EXCERPTED DATA:
►

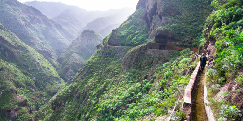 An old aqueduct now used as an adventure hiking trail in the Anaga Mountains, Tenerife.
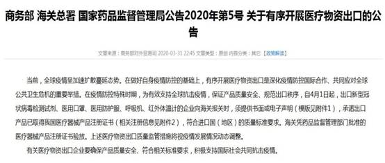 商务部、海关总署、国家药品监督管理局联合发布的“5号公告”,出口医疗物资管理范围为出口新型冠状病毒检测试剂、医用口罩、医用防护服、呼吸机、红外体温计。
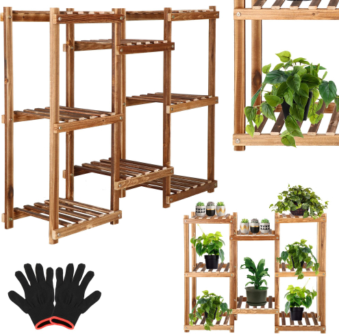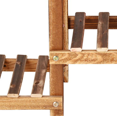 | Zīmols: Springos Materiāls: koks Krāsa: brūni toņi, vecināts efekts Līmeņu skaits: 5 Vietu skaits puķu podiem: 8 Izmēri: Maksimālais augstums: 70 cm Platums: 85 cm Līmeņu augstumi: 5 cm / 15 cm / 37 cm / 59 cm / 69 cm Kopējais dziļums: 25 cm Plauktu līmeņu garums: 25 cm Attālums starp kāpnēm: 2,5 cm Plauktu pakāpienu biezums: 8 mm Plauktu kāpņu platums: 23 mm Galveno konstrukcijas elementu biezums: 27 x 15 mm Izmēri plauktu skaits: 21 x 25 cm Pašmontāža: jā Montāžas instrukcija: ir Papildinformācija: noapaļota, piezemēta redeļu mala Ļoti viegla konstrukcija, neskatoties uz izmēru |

◄
►

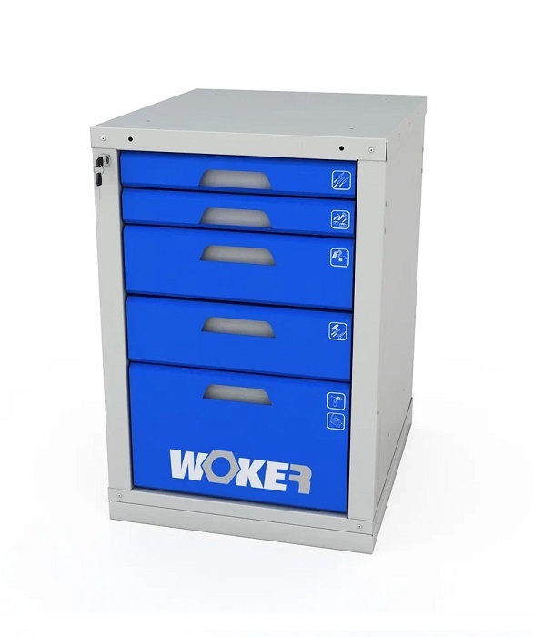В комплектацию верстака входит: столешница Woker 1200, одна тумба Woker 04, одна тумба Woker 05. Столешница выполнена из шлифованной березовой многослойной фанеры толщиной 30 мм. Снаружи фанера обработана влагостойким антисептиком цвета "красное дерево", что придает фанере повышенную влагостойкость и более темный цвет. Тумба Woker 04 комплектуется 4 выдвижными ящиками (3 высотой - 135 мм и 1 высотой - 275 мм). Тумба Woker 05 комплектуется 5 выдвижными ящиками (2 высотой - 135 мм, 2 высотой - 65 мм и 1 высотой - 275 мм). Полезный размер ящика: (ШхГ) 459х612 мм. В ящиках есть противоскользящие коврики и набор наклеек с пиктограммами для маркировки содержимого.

◄

WHAT NEEDS TO BE DONE:
In the listing above, find the line containing "An old aqueduct" and the line containing "uz izmēru |", then output those two lines and everything between them exactly as written, without the images.

TASK SOLUTION:
 An old aqueduct now used as an adventure hiking trail in the Anaga Mountains, Tenerife.
 商务部、海关总署、国家药品监督管理局联合发布的“5号公告”,出口医疗物资管理范围为出口新型冠状病毒检测试剂、医用口罩、医用防护服、呼吸机、红外体温计。
 | Zīmols: Springos Materiāls: koks Krāsa: brūni toņi, vecināts efekts Līmeņu skaits: 5 Vietu skaits puķu podiem: 8 Izmēri: Maksimālais augstums: 70 cm Platums: 85 cm Līmeņu augstumi: 5 cm / 15 cm / 37 cm / 59 cm / 69 cm Kopējais dziļums: 25 cm Plauktu līmeņu garums: 25 cm Attālums starp kāpnēm: 2,5 cm Plauktu pakāpienu biezums: 8 mm Plauktu kāpņu platums: 23 mm Galveno konstrukcijas elementu biezums: 27 x 15 mm Izmēri plauktu skaits: 21 x 25 cm Pašmontāža: jā Montāžas instrukcija: ir Papildinformācija: noapaļota, piezemēta redeļu mala Ļoti viegla konstrukcija, neskatoties uz izmēru |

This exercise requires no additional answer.